======== RECORDS FOR THIS EXERCISE

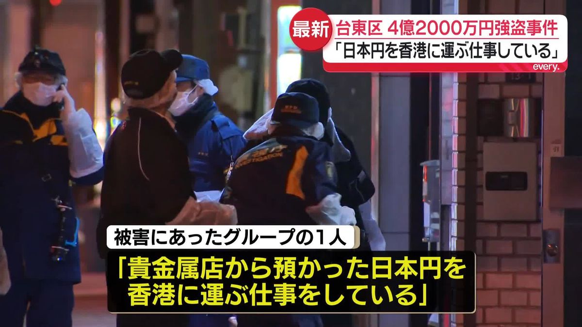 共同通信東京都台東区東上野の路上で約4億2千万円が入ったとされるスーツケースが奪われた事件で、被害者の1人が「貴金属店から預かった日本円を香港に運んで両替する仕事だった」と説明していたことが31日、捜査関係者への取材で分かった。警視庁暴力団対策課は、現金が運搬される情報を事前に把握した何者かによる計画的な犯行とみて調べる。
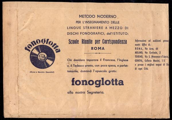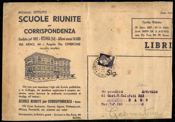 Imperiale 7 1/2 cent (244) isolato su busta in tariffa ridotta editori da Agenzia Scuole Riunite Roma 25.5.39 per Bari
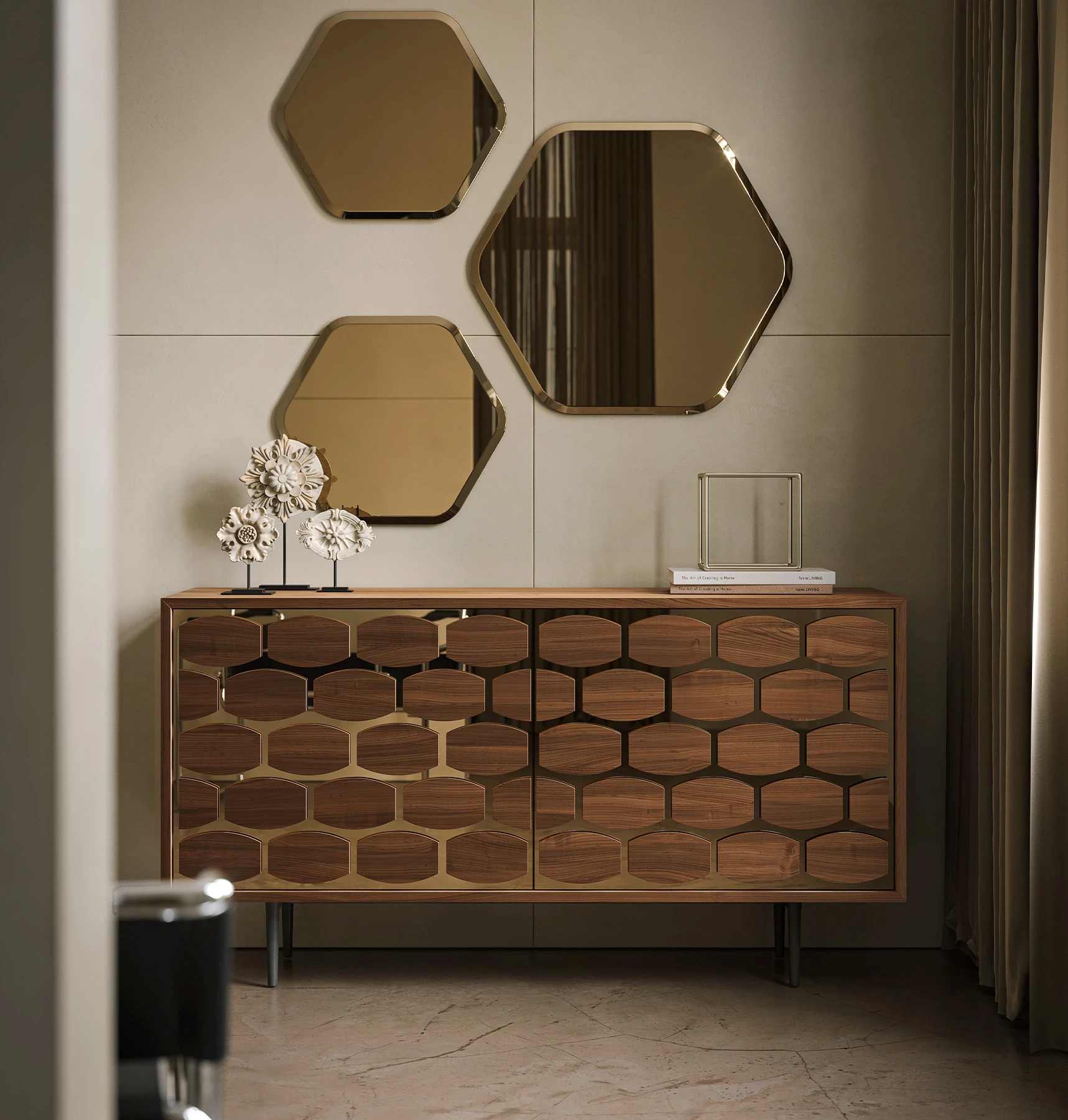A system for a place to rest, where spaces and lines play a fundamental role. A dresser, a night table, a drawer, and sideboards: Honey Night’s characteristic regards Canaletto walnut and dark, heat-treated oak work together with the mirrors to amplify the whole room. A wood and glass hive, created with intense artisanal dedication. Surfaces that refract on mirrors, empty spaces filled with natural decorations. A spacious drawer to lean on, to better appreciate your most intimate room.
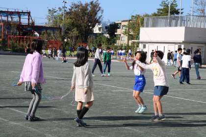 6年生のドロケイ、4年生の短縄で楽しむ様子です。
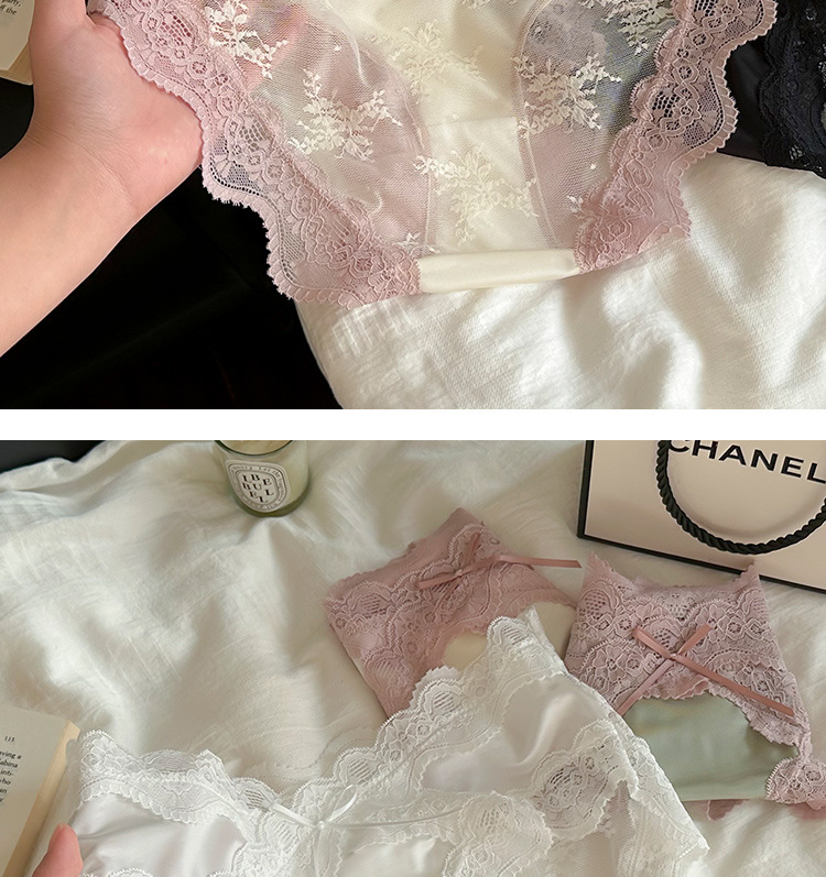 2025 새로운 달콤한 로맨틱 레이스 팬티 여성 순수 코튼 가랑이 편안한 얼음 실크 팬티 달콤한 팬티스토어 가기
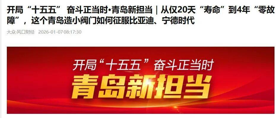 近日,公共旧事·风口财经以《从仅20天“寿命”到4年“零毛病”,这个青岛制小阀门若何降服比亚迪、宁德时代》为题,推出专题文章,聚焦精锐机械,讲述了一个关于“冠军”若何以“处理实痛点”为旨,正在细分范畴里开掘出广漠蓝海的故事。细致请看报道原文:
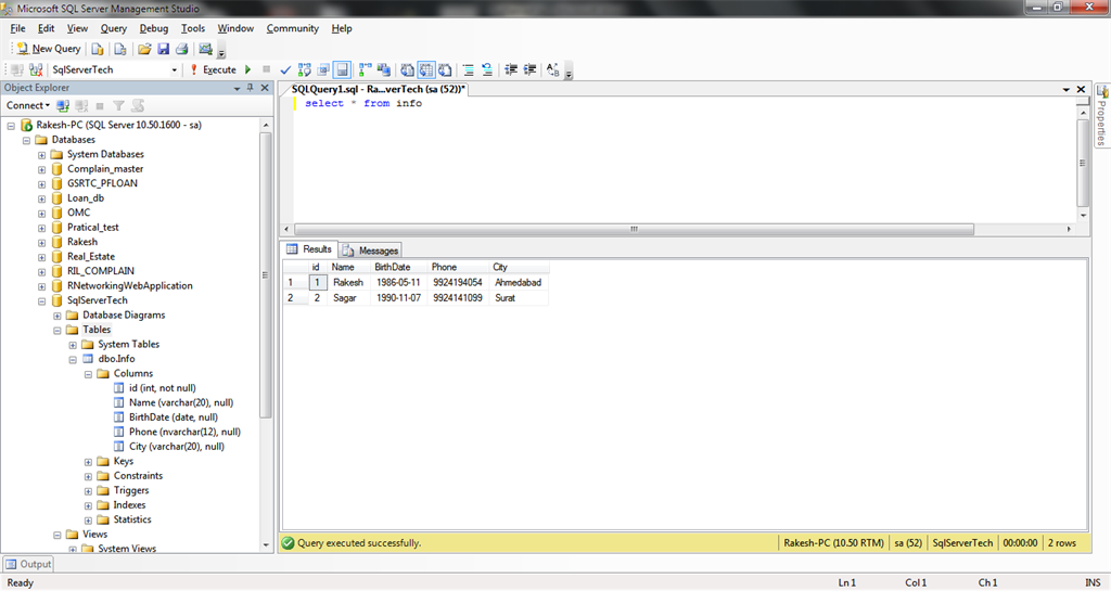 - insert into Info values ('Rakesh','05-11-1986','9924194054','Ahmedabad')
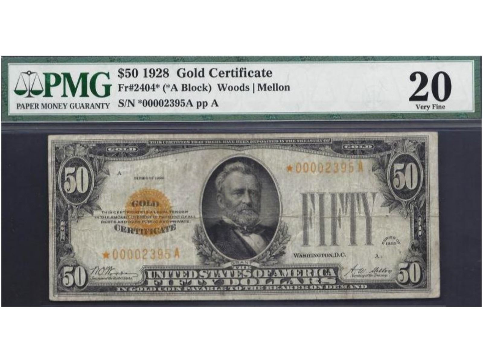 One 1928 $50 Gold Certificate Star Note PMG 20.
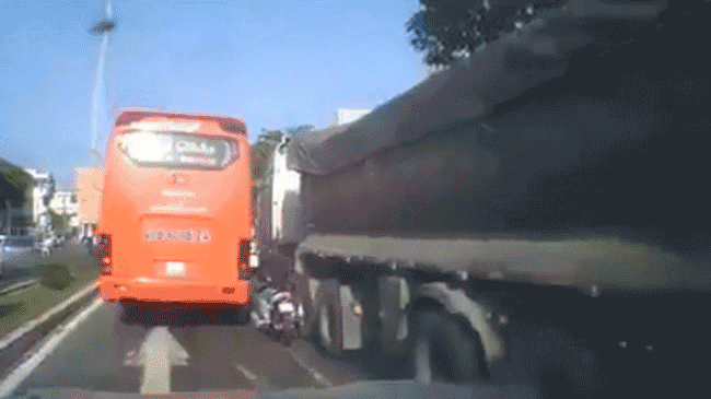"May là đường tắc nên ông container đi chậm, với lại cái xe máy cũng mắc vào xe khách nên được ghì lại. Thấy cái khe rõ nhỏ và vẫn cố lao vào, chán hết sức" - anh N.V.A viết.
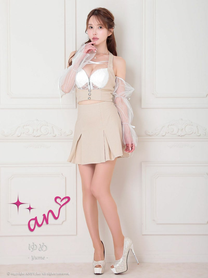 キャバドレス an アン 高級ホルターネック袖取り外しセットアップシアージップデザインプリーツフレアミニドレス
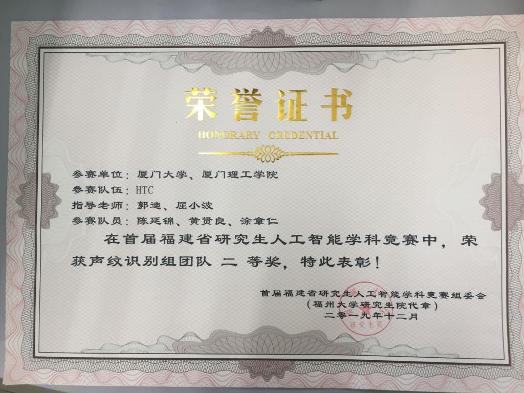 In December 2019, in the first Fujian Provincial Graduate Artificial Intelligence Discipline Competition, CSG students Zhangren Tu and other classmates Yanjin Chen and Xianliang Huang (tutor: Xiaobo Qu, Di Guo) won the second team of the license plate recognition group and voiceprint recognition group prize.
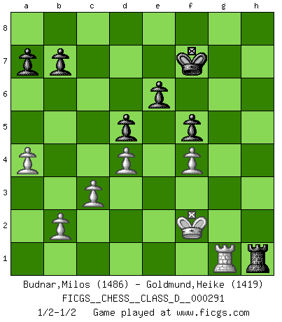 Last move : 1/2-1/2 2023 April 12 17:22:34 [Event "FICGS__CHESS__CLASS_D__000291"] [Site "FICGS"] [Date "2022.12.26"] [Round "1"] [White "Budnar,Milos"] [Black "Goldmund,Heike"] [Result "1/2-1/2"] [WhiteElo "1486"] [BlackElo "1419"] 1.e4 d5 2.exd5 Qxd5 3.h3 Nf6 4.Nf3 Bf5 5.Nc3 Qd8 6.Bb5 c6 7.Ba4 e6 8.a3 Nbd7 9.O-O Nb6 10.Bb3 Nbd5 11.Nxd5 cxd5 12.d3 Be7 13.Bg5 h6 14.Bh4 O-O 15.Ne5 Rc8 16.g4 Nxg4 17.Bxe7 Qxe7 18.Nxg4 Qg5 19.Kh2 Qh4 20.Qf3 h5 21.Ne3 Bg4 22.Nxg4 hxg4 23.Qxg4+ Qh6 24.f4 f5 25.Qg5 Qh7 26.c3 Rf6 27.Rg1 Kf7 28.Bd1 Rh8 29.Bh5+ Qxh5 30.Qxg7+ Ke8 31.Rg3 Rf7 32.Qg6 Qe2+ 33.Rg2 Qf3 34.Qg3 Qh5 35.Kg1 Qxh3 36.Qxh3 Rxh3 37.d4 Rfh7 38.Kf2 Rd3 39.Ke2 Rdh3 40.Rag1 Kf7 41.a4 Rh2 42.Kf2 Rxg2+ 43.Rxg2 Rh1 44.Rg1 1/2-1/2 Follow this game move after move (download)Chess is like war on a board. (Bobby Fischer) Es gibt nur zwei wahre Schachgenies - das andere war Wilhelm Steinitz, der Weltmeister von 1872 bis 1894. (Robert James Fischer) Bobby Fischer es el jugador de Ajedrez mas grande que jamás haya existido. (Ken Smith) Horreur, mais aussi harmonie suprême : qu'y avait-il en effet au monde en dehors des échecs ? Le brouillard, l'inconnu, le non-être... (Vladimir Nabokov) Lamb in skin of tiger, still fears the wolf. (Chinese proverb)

================

> **TASK ITEM**
Output exactly the lines above, beginning at the one with "One 1928 $50" and stopping after the one with "キャバドレス an アン". Pictures are to be omitted.

> **ANSWER TO THIS PROBLEM**
 One 1928 $50 Gold Certificate Star Note PMG 20.
"May là đường tắc nên ông container đi chậm, với lại cái xe máy cũng mắc vào xe khách nên được ghì lại. Thấy cái khe rõ nhỏ và vẫn cố lao vào, chán hết sức" - anh N.V.A viết.
 キャバドレス an アン 高級ホルターネック袖取り外しセットアップシアージップデザインプリーツフレアミニドレス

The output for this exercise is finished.